Records from a data collection

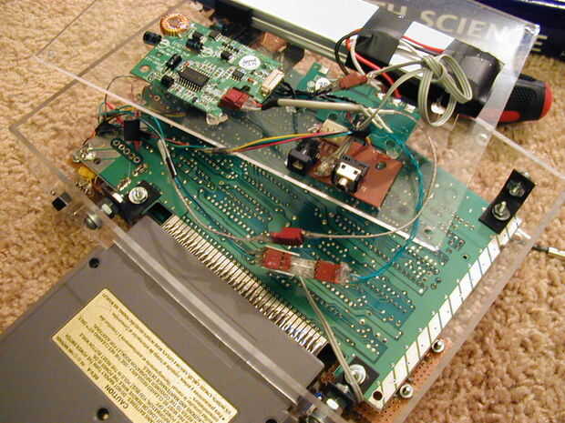 Sencillamente, en este paso pegue todo lo demás (carga de las baterías, circuito, A / Junta de V) a la pieza de fondo del caso. Pegar las baterías en el centro, porque son las más pesadas. Desea que su portátil esté equilibrada. Usé seis pequeñas gotas de pegamento caliente para mantener la batería. Pegué el cuadro de protección corta de batería hacia abajo y el circuito de protección de carga. Pegué el A / V en la parte inferior, justo en el borde del tablero. Ver el cuadro para la instalación de encolado y ver 2 para un primer plano con todos los cables. También necesitará pegamento abajo regulador de NES. Me pareció que el lugar más conveniente para ponerlo en la esquina de la Junta NES. Primero pegué abajo un pedazo de cartón, a continuación, la Junta Directiva. Revisa el cuadro 3.
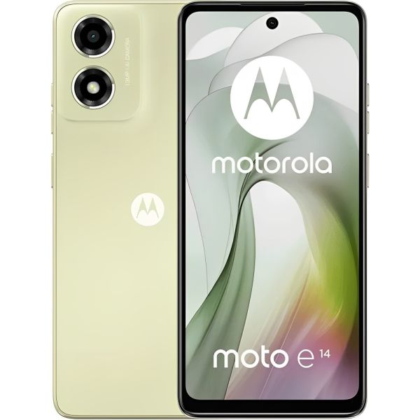 El Motorola Moto E14 XT2421-12 Dual ofrece una experiencia visual nítida y envolvente con su pantalla IPS LCD de 6.56 pulgadas y una resolución de 720 x 1612 píxeles. Equipado con una cámara principal de 13 MP, captura imágenes claras y detalladas, mientras que su cámara frontal de 5 MP es ideal para selfies y videollamadas. Este dispositivo combina un rendimiento confiable con funcionalidades esenciales, haciendo que sea una excelente opción para el uso diario.
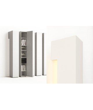 Un volume plastico dalle proporzioni eleganti. Un volume che prende forma. Si stacca dalla parete e disegna lo spazio.  Formosa è un sistema di contenitori di diverse dimensioni e configurazioni per adattarsi a diverse funzioni e ambienti della casa.
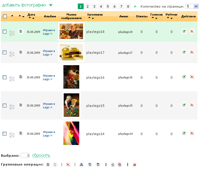 - Колонка групповой операции. Позволяет отметить элементы для выполнения групповых операций.
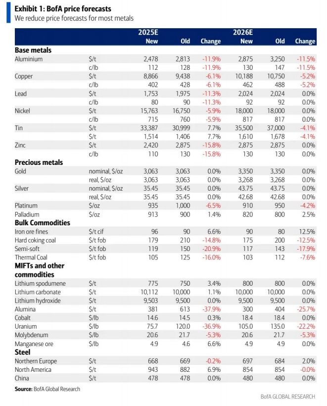美银表示,特朗普政府平衡对外账户和促进制造业发展的目标,导致全球贸易争端愈演愈烈。尽管铝、铜和锌等基本金属的供应受限,但贸易争端可能将今年全球GDP增速拉低至2.6%,而铜价从未在这一增长水平下实现同比上涨。以2018/19年中美贸易争端为例,铜价曾几乎每个季度都在下滑。因此,美银下调了近期贱金属价格预测,不过该行指出,一旦宏观经济环境趋于稳定,将重新评估其观点。
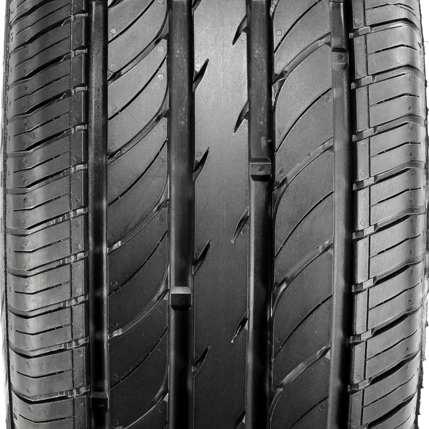 The tire increases the high speed controllability. It utilizes the asymmetric tread design in order to boost the surface contact. The center rib’s close and consistent road contact enables the tire to greatly improve steering responsiveness and driving stability. As a result, the tire guarantees the driver’s better control over the vehicle at all times. The siping and notch pattern allows the tire to generate friction at the moment of braking, significantly shortening the braking distance. The heat-resistant compound and the stronger structure also work together to boost the high speed durability. This prevents the tire’s deformation, while heat build-up is avoided which ensures a secure high speed performing ability.
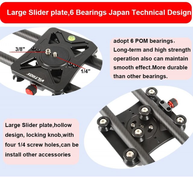 80cm kamerový slider Viltrox VC-80 je vyroben z uhlíkového kompozitního materiálu a přes svou nízkou váhu podporuje kamerové sestavy s vahou až 10 kg! Kamerová destička je vybavena šroubem 3/8"-16, slider nabízí také polohovatelné nohy a závity 1/4"-20 a 3/8"-16 na spodní resp. 1/4"-20 na horní straně podpěr pro široké možnosti montáže. Samozřejmostí je i přepravní brašna.

YOUR OBJECTIVE
Leave every picture out and write out, word for word, the lines from the one that contains "美银表示,特朗普政府平衡对外" through the last line of the records.

ANSWER SECTION
美银表示,特朗普政府平衡对外账户和促进制造业发展的目标,导致全球贸易争端愈演愈烈。尽管铝、铜和锌等基本金属的供应受限,但贸易争端可能将今年全球GDP增速拉低至2.6%,而铜价从未在这一增长水平下实现同比上涨。以2018/19年中美贸易争端为例,铜价曾几乎每个季度都在下滑。因此,美银下调了近期贱金属价格预测,不过该行指出,一旦宏观经济环境趋于稳定,将重新评估其观点。
 The tire increases the high speed controllability. It utilizes the asymmetric tread design in order to boost the surface contact. The center rib’s close and consistent road contact enables the tire to greatly improve steering responsiveness and driving stability. As a result, the tire guarantees the driver’s better control over the vehicle at all times. The siping and notch pattern allows the tire to generate friction at the moment of braking, significantly shortening the braking distance. The heat-resistant compound and the stronger structure also work together to boost the high speed durability. This prevents the tire’s deformation, while heat build-up is avoided which ensures a secure high speed performing ability.
 80cm kamerový slider Viltrox VC-80 je vyroben z uhlíkového kompozitního materiálu a přes svou nízkou váhu podporuje kamerové sestavy s vahou až 10 kg! Kamerová destička je vybavena šroubem 3/8"-16, slider nabízí také polohovatelné nohy a závity 1/4"-20 a 3/8"-16 na spodní resp. 1/4"-20 na horní straně podpěr pro široké možnosti montáže. Samozřejmostí je i přepravní brašna.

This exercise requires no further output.